Copy the records below word for word, from the first line through the line that contains "Apretones de tornillo", and leave out any pictures.

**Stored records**

+---+

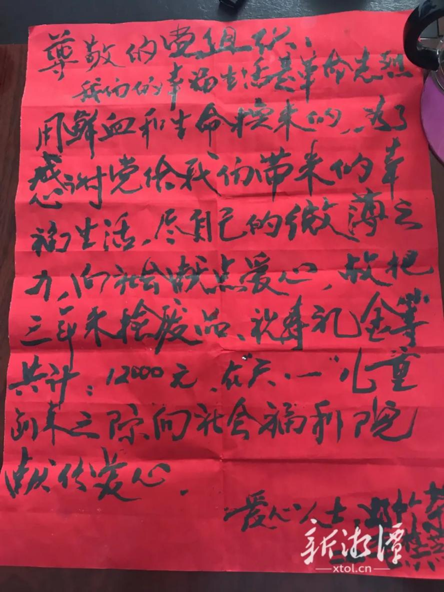 2017年6月1日,湘潭市社会(儿童)福利院收到一笔12000元捐款。与其他捐赠不同的是,这笔捐款只留下一封手写信,未透露捐赠人单位和联系方式。
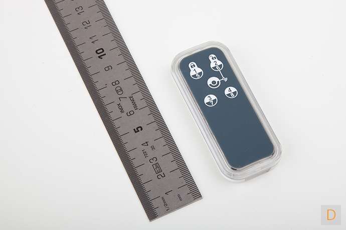Elke knop is ook nog dubbel te klikken. In totaal kunnen er dus 4 x 2 (van de dubbelklik) = 8 x 2 (van de kleur) = 16 verschillende acties worden uitgevoerd. Dat is best veel voor zo'n kleine remote van 80 x 36 mm.
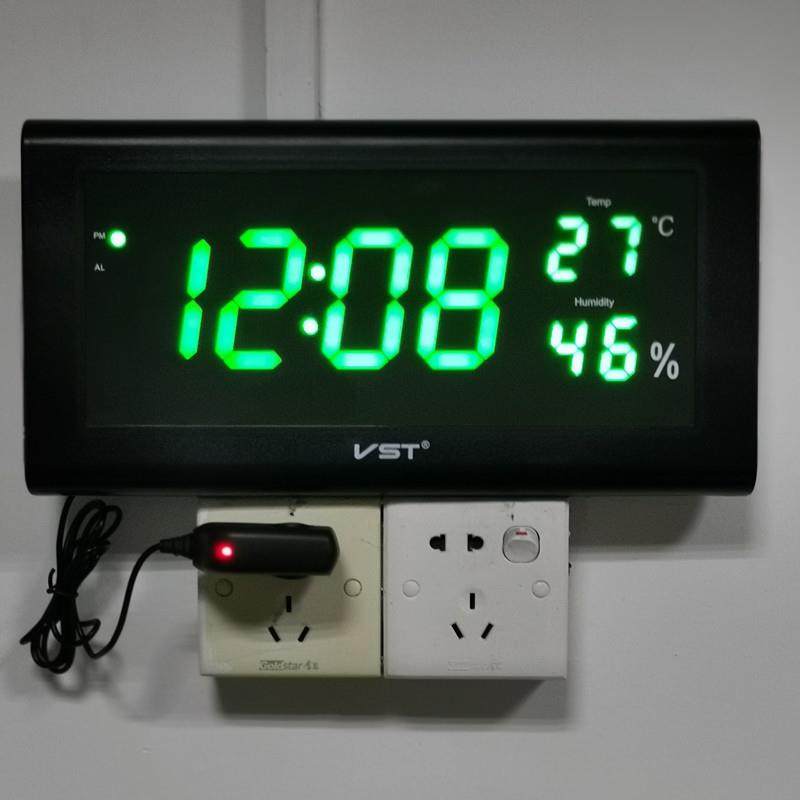 台挂用LED钟子LED温湿度显计挂钟数钟两大VST795S字插电发光电钟
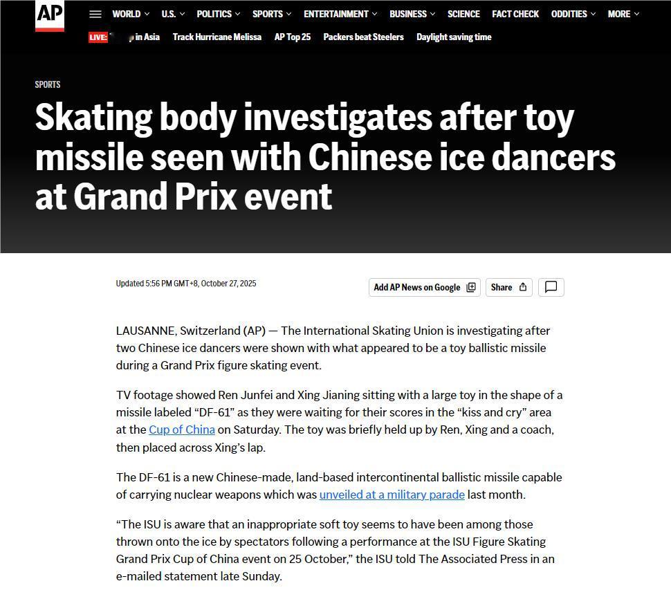 西方人破防了,西媒要求对中国选手禁赛……实际这个东风61玩具并不是两个中国选手自己带的,是表演结束后观众席上的观众投向场地内的众多玩具之一,被两名选手捡起来后带到了休息区。
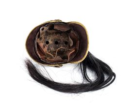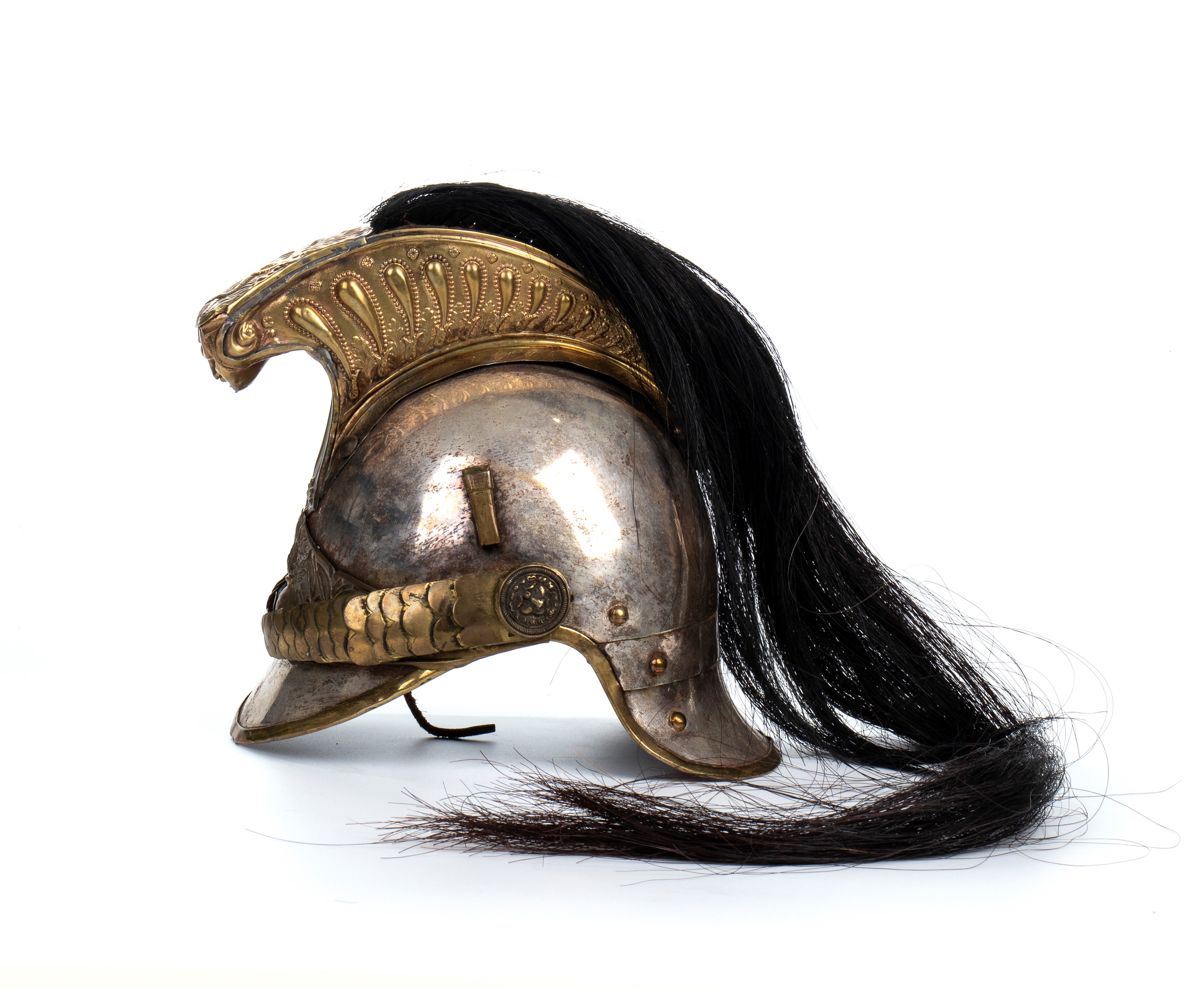 Silver-plated metal helmet with crest, scaled chinstrap and gilt metal front plate, in good general condition, with some defects due to use, very eye-catching.
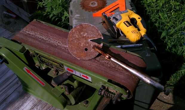 Apretones de tornillo son tus dedos. I fijar al acero pac-man en un par de mordazas de tornillo de banco y procedió a la roya de la arena y vio las marcas en el metal con una lijadora de banda. Asegúrese de que el metal se calienta y ten cuidado con las rebabas. Poco metal, las astillas son más fáciles de encontrar por el dolor que causan en el pulgar, tener mucho cuidado. No tratando de hacer el metal shiney apenas golpean apagado las cosas sueltas.
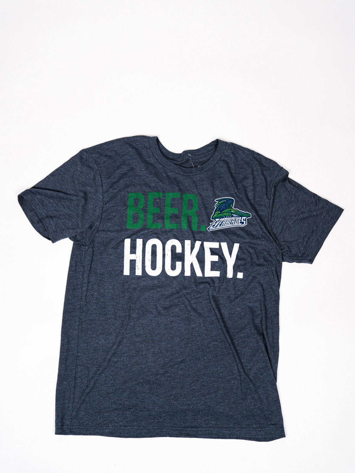 Sometimes simple is best and the short-sleeve Everblades "Beer, Hockey" T- Shirt is the best example of simple yet casual. This shirt is loose fitting, a dark gray color and includes on the upper right chest the fierce Everblades symbol.
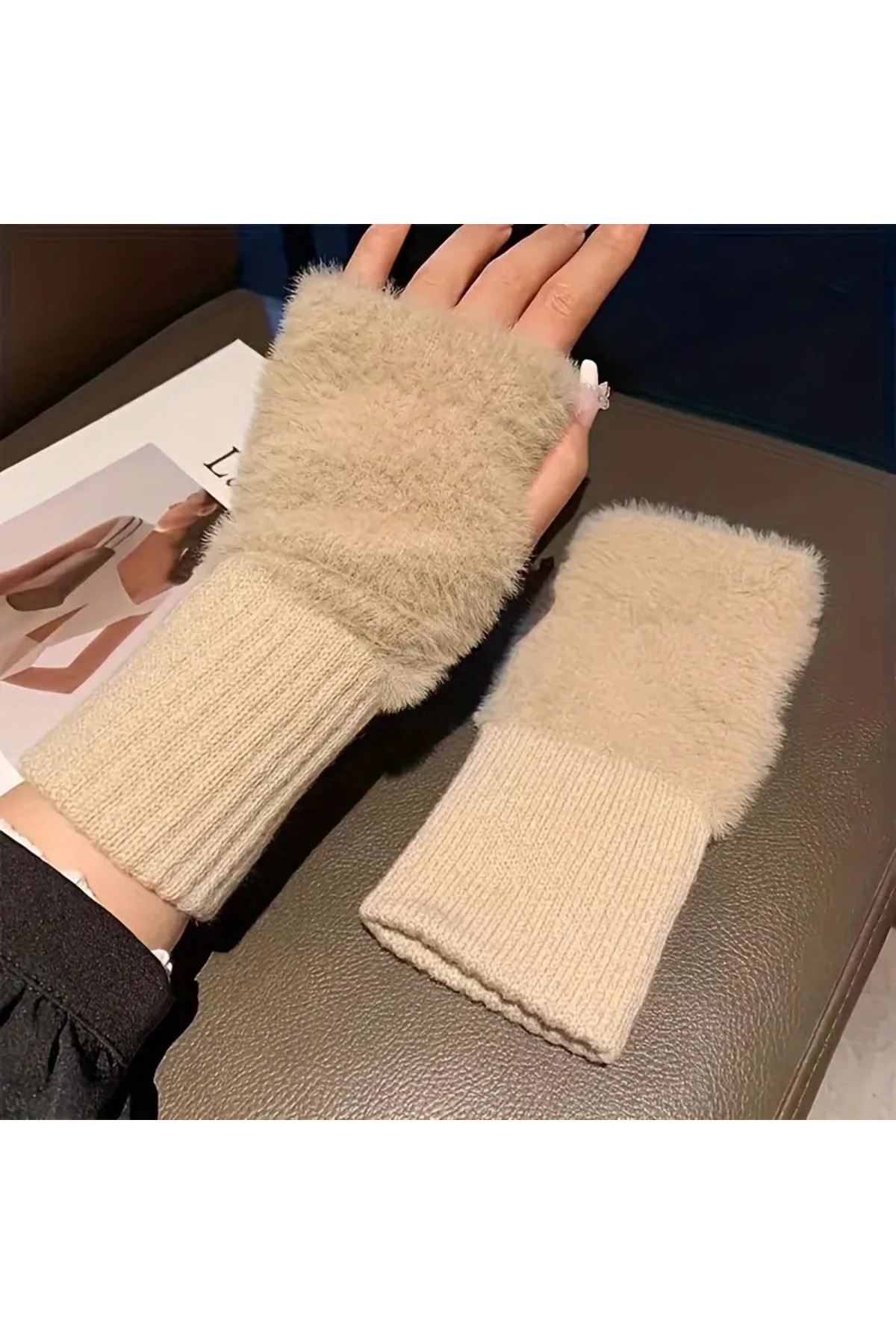 Kadın Kürk Detaylı Kesik Parmaksız Eldiven Yumuşak Dokulu Kışlık Model Faux Soft Peluş Eldiven Kadın Kürk Detaylı Kesik Parmaksız Eldiven Yumuşak Dokulu Kışlık Model Faux Soft Peluş Eldiven DE00058 تک سایز
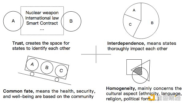 其次我们认为应该“依托 DAO,拓新道”:通过 DAO 这种全新的人类组织形态,补全康德社会所需条件,探索经济行为新范式。在建构主义的理论中,Trust 只是实现康德社会的启用因素。而和谐高效社会的实现还需要依存(Interdependence),**共同命运(Common fate)或者文化同质性(Homogeneity)**这三个积极因素之一在系统中的存在。下图解释了三种因素与 Trust 的定义和现实例子:
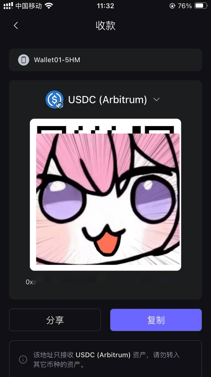 返回到Safepal钱包首页,点击:接收,选择USDC注意要选择Arbitrum链,复制:Arbitrum链地址
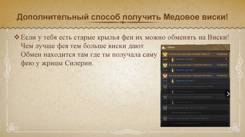 Дополнительный способ получить Медовое виски!Если у тебя есть старые крылья феи их можно обменять на Виски!
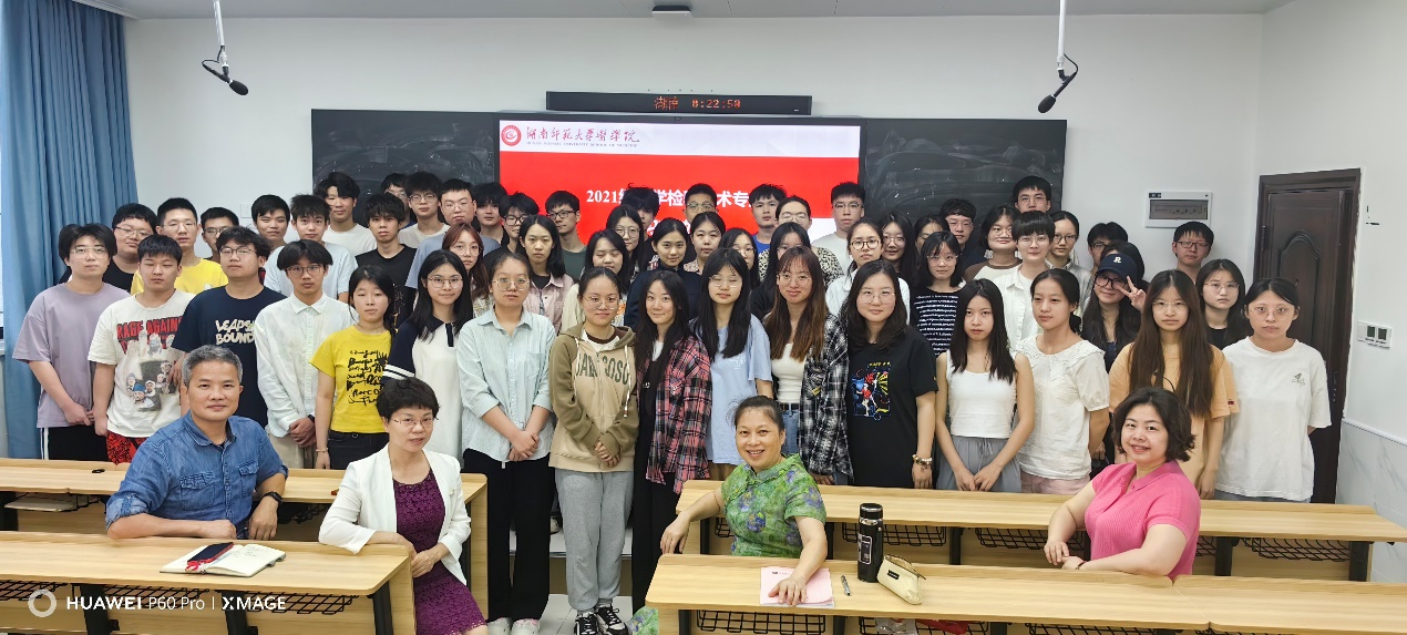 叶湘漓、张晓红和赵燕玲先后围绕实习心态与准备、实习规划与相关规章制度、安全意识与实习期间注意事项等问题进行了细致全面的讲解与答疑。最后,各位老师与检验班全体同学进行了合影留念。
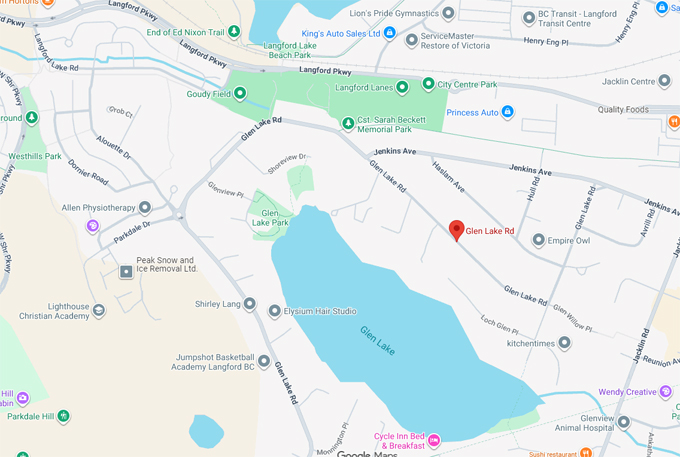 Glen Lake Road / Jenkins Road offers access to the back side of Starlight Stadium and the parking lot for Belmont Secondary School near City Centre Park and the Goudy sports field.
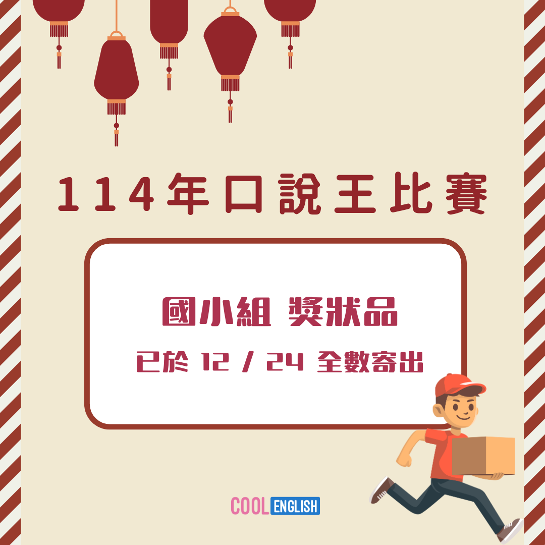 [公告] 【114年國中小口說王比賽】📢國小獎狀品已於12/24寄出 2025年 12月 26日(Fri) 09:26 Number of replies: 0 【酷英 114 年口說王比賽】獎狀品寄送通知 【國小組獎狀品】已於 12/24 全部寄出囉! 想查包裹點此:https://lihi.cc/wbI5P平安夜,酷編悄悄地扮成聖誕老公公把大家期待已久的口說王獎狀品都寄出囉感謝大家熱情的參與~我們明年見!預祝 大家 聖誕節快樂 HO HO HO 小提醒請各校師長協助留意:貴校若有「禮券」得主,才會有「簽收回條」在回條上就找的到回傳的QRcode囉! 回列表
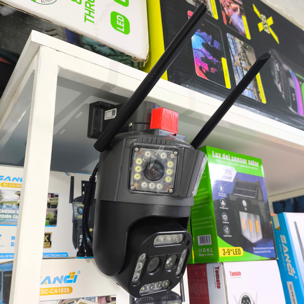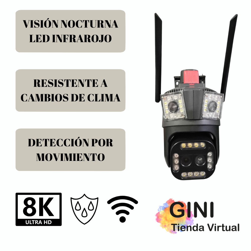 La cámara de seguridad es un dispositivo de vigilancia para exteriores de alta gama con múltiples lentes (4x2MP) y resolución 8MP/4K. Cuenta con zoom motorizado 10x, movimiento PTZ de 350°, visión nocturna a color, seguimiento inteligente, alarma con luces y almacenamiento local/nube.
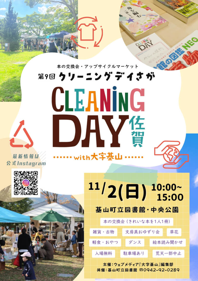 2025年11月2日の土曜日、佐賀県・基山町立図書館で「クリーニングデイ佐賀with大字基山」を開催します。基山町でイベントが始まって今回で9回目を迎え、秋の開催は2021年以来の2回目です。
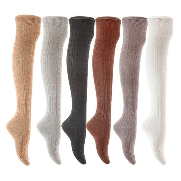 Lian LifeStyle Women's 6 Pair Adorable Comfortable Soft Thigh High Over Knee High Cotton Socks Size 6-9 L1024 (Beige,Light Grey,Black,Coffee,Dark Grey,White)
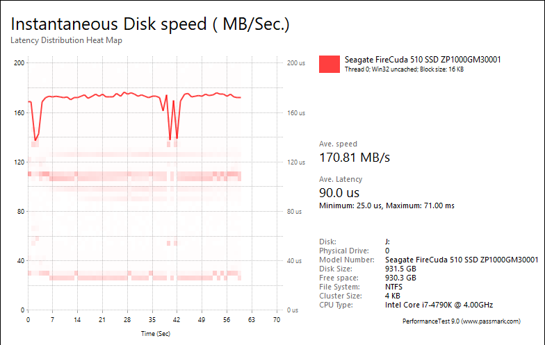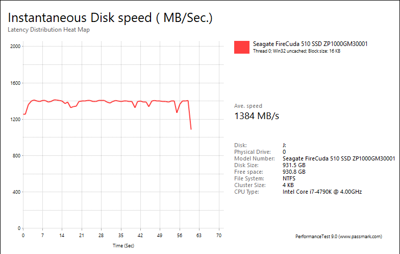 PassMark PerformanceTest 9.0's Advanced Disk Test, unlike HD Tune Pro 5.70, generates some awesome graphs right out of the box. It also provides valuable insight in simulating real world performance applications. To make things clear to you, the first graph simulates a database server, followed by a file server, web server, and workstation. Obviously, PassMark PerformanceTest 9.0 uses highly compressible data in most tests some controllers can really take advantage of. However, it also requires high IOPS capabilities for the best score. One thing clear is the Seagate FireCuda 510 1TB provided generally flat graphs, which is excellent if you are looking for consistent performance.
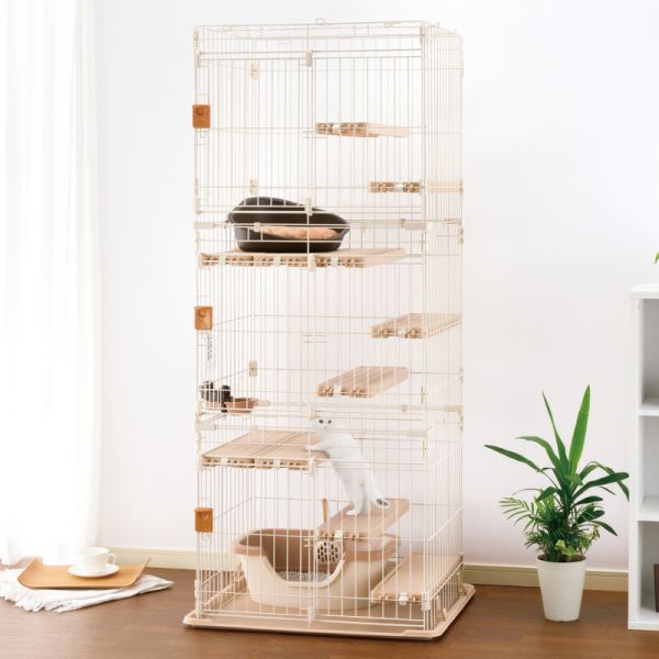 猫用 体重目安/8kg以下 サイズ/72×61×166.5H(cm) 材質/ ワイヤー部・取付金具:スチール ドアロック・滑り部材・トレー:ABS樹脂 ジョイントN・バックルA・B・中間ジョイント・縦連結用ジョイント・棚板:ポリプロピレン L型保持具:ポリエチレン 付属品/棚板11枚

+---+

**SOLUTION**
 2017年6月1日,湘潭市社会(儿童)福利院收到一笔12000元捐款。与其他捐赠不同的是,这笔捐款只留下一封手写信,未透露捐赠人单位和联系方式。
Elke knop is ook nog dubbel te klikken. In totaal kunnen er dus 4 x 2 (van de dubbelklik) = 8 x 2 (van de kleur) = 16 verschillende acties worden uitgevoerd. Dat is best veel voor zo'n kleine remote van 80 x 36 mm.
 台挂用LED钟子LED温湿度显计挂钟数钟两大VST795S字插电发光电钟
 西方人破防了,西媒要求对中国选手禁赛……实际这个东风61玩具并不是两个中国选手自己带的,是表演结束后观众席上的观众投向场地内的众多玩具之一,被两名选手捡起来后带到了休息区。
 Silver-plated metal helmet with crest, scaled chinstrap and gilt metal front plate, in good general condition, with some defects due to use, very eye-catching.
 Apretones de tornillo son tus dedos. I fijar al acero pac-man en un par de mordazas de tornillo de banco y procedió a la roya de la arena y vio las marcas en el metal con una lijadora de banda. Asegúrese de que el metal se calienta y ten cuidado con las rebabas. Poco metal, las astillas son más fáciles de encontrar por el dolor que causan en el pulgar, tener mucho cuidado. No tratando de hacer el metal shiney apenas golpean apagado las cosas sueltas.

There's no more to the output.